Now, if it's just a segment of the lower legs and not in a stocking distribution, it gets a little weirder and would be harder to explain physiologically, but whatever. An early small fiber neuropathy could cause a subtle loss of temperature sensation without an obvious change in pinprick sensation or reflexes. Or the patient might have just realized that their lower legs are less sensitive than their thighs and it means nothing. That's neurology for you.

I had no idea that people had to blow dry self tanner onto their skin. Sounds like a lot of work to look unnaturally orange.
 
Thank you for your reply.


Yes, this patient did not have a typical stocking distribution. That is to say, the feet were not involved at all. Only the lower legs and above the knees a good three inches. Possibly outer sides of thighs could be involved but was unsure. Is there any reason for this physiologically?

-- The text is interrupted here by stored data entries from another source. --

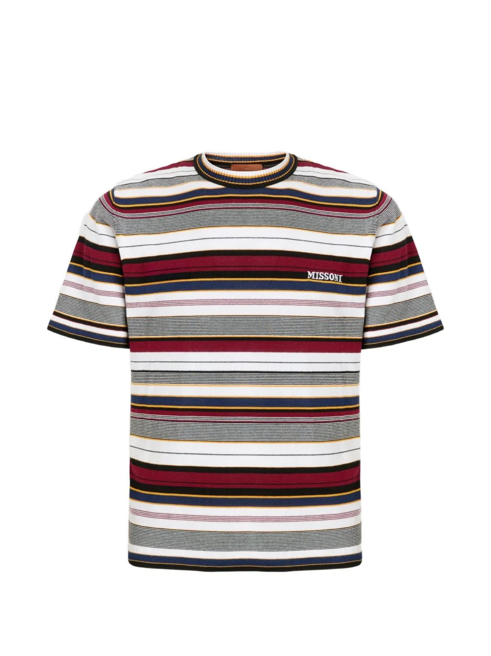 striped T-shirt Highlights - Red and multicolor - Striped - Round neck - Short sleeves - Ribbed trim - The item you receive may differ slightly from the item photographed. this is due to the artisanal nature with which all missoni products are constructed. Imported Composition Fabric 100% Washing instructions Read Manufacturer Guidelines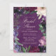 Romantiska blommor i rik burgundi, mild lilak, djup äggplants lila och pinkaktigt orkid par med modernt botaniskt grönt, t.ex. ferns och eukalyptus. En djup, eggplants lila vattenfärgsbakgrund binder allt tillsammans med elegantens typografi i dessa romantiska inbjudningskort för möhippa.
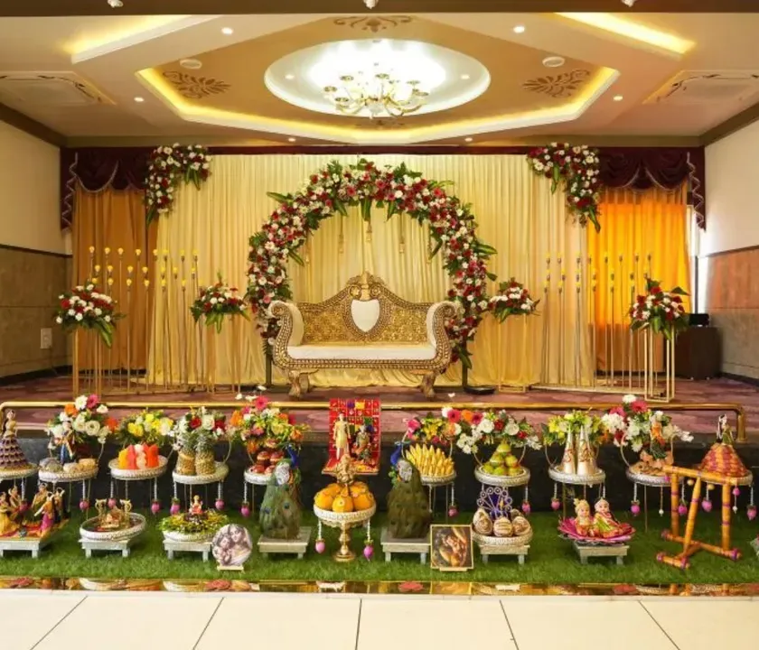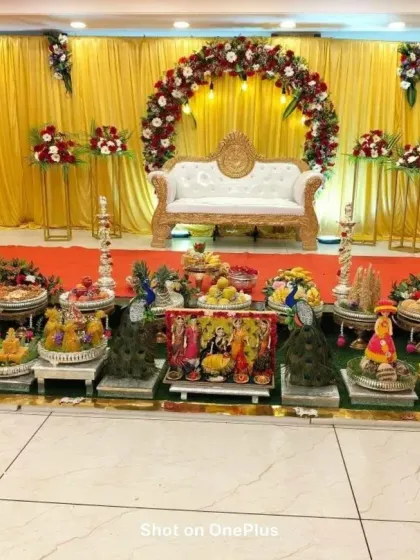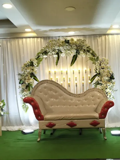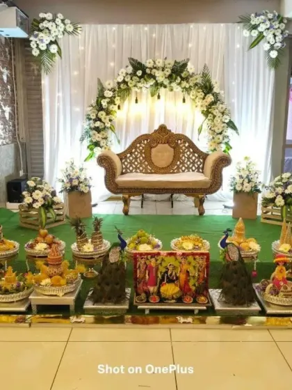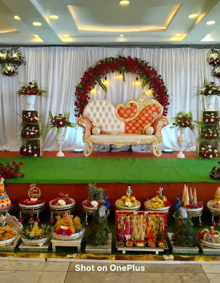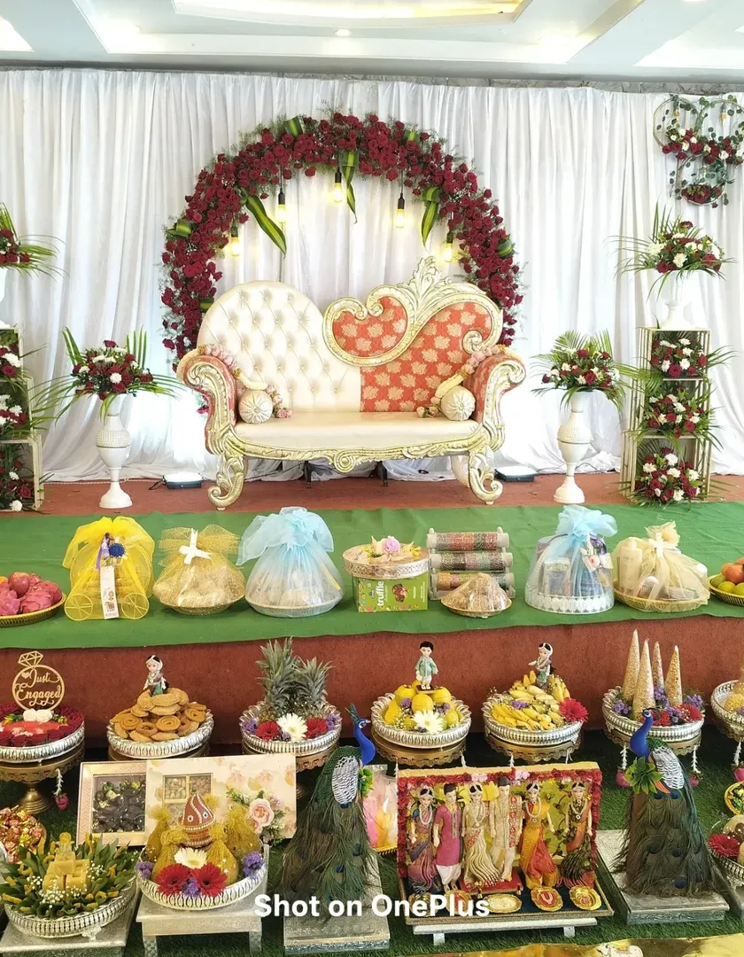 I create vibrant and joyous decorations for Seemantha and Half-Saree ceremonies. These setups typically include a beautifully decorated stage with an ornate sofa for seating, a floral backdrop, and an elaborate display of Seer Thattu (traditional gifts). I can work with various color palettes, from classic red and gold to elegant white and green.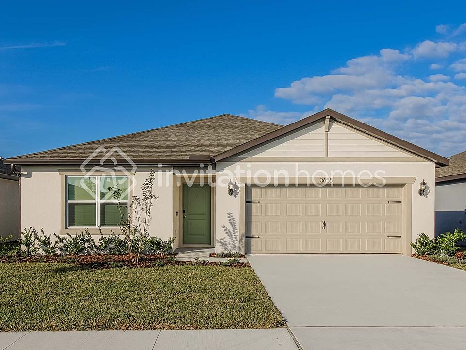Home Features and Amenities: Air Conditioning, Garage, Kitchen Island, Long Lease Terms, Open Floorplan, Pet Friendly, Primary Bedroom on Main, Quartz Countertops, Recessed Lighting, Single Story House, Smart Home, Stainless Steel Appliances, Tile, Walk in Closet, W/D Hookups, and professionally managed by Invitation Homes.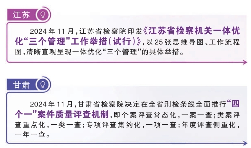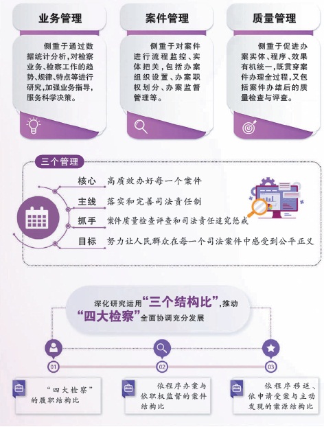 新时代新征程,高质效推进检察工作,抓管理的责任更重、要求更高。2024年,全国检察机关牢固树立正确政绩观,聚焦法律监督主责主业,进一步加强和改进检察管理,贯通推进业务管理、案件管理、质量管理“三个管理”,着力构建检察“大管理”格局,把科学管理效能转化为高质效办案实绩,为检察工作高质量发展提供持久动能。

For sensory exams I understand at there are normal variations in temperature and sensation in individuals legs. But with that said....

Patient could feel object as it rolled across lower legs, but when compared to upper legs was not sharp. It was sharp though on upper legs and feet.

For temperature, fronts of shins were not cold at all, while sides of lower legs were said to be much more so.

In everyone's opinion, what is the natural sensory variation typical of legs?


Thanks you!
 
Is the OP the patient?

I had no idea that people had to blow dry self tanner onto their skin. Sounds like a lot of work to look unnaturally orange.